EXERCISE INSTRUCTIONS:
Pictures excluded, output the lines of the data below between the one holding "Voeg een vleugje" and the one holding "Na naszej scenie", inclusive, exactly as they stand.

DATA PROVIDED:

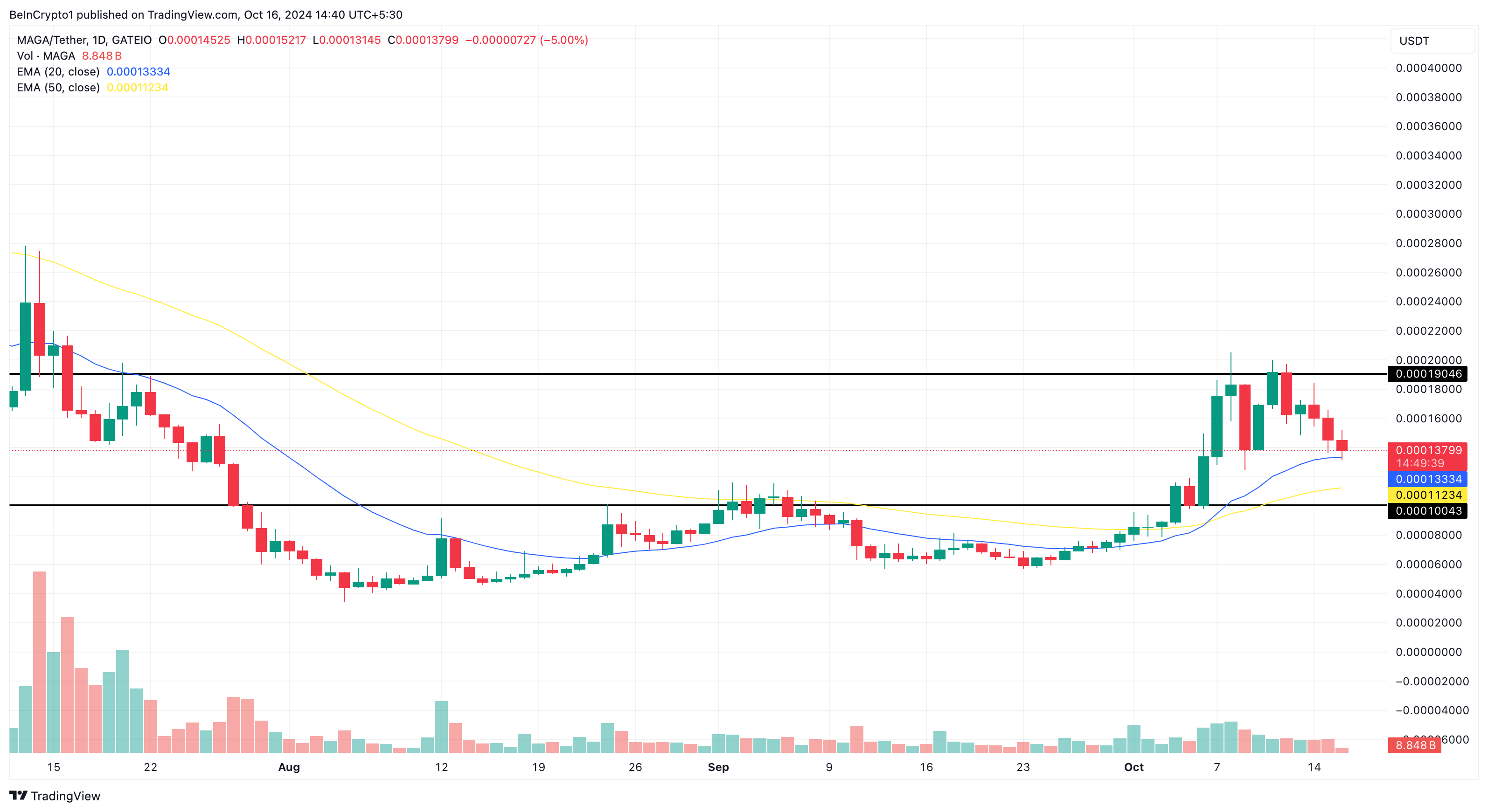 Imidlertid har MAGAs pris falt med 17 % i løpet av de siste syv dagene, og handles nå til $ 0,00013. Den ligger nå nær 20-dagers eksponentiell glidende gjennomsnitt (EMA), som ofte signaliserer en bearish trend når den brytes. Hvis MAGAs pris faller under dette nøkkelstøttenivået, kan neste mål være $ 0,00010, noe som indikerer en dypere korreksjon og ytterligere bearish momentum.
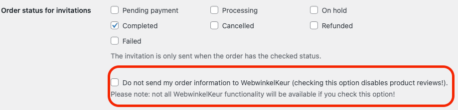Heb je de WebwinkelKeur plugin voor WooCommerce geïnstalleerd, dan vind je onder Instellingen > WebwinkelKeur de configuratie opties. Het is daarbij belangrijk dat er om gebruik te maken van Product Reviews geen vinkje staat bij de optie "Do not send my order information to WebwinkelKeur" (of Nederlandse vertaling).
* * *
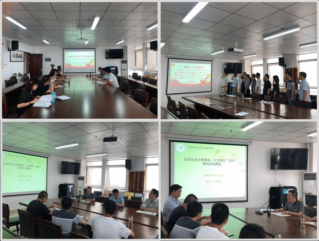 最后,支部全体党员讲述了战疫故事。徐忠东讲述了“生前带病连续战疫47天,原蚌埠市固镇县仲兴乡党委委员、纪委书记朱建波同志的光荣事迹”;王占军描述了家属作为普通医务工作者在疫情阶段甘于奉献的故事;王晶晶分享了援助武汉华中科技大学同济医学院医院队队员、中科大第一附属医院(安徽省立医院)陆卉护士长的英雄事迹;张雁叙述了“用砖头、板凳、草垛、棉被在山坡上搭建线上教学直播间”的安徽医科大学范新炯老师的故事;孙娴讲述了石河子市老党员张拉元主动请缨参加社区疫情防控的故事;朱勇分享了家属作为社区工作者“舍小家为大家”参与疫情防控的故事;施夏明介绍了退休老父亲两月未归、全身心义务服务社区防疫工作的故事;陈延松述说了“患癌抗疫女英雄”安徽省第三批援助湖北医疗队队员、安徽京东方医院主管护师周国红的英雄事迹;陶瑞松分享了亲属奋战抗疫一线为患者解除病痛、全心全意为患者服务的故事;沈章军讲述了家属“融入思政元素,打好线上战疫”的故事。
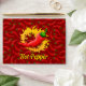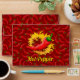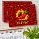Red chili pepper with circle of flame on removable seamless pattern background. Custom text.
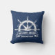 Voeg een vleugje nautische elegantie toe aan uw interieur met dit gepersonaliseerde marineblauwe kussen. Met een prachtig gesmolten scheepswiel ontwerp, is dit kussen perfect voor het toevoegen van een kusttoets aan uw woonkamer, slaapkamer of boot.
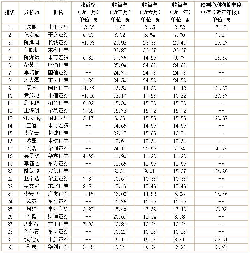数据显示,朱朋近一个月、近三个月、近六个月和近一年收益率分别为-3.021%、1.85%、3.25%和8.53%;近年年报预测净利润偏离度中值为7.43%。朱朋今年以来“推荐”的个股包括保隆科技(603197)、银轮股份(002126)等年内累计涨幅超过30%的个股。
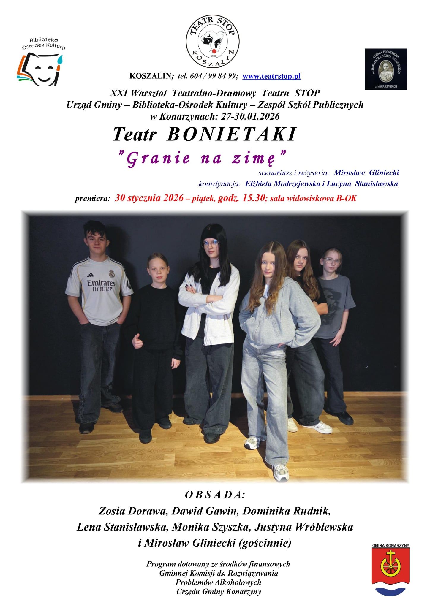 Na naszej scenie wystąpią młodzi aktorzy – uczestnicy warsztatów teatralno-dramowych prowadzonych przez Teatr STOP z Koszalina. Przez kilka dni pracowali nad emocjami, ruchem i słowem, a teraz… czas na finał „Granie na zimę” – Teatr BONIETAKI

ANSWER TO THE EXERCISE:
 Voeg een vleugje nautische elegantie toe aan uw interieur met dit gepersonaliseerde marineblauwe kussen. Met een prachtig gesmolten scheepswiel ontwerp, is dit kussen perfect voor het toevoegen van een kusttoets aan uw woonkamer, slaapkamer of boot.
数据显示,朱朋近一个月、近三个月、近六个月和近一年收益率分别为-3.021%、1.85%、3.25%和8.53%;近年年报预测净利润偏离度中值为7.43%。朱朋今年以来“推荐”的个股包括保隆科技(603197)、银轮股份(002126)等年内累计涨幅超过30%的个股。
 Na naszej scenie wystąpią młodzi aktorzy – uczestnicy warsztatów teatralno-dramowych prowadzonych przez Teatr STOP z Koszalina. Przez kilka dni pracowali nad emocjami, ruchem i słowem, a teraz… czas na finał „Granie na zimę” – Teatr BONIETAKI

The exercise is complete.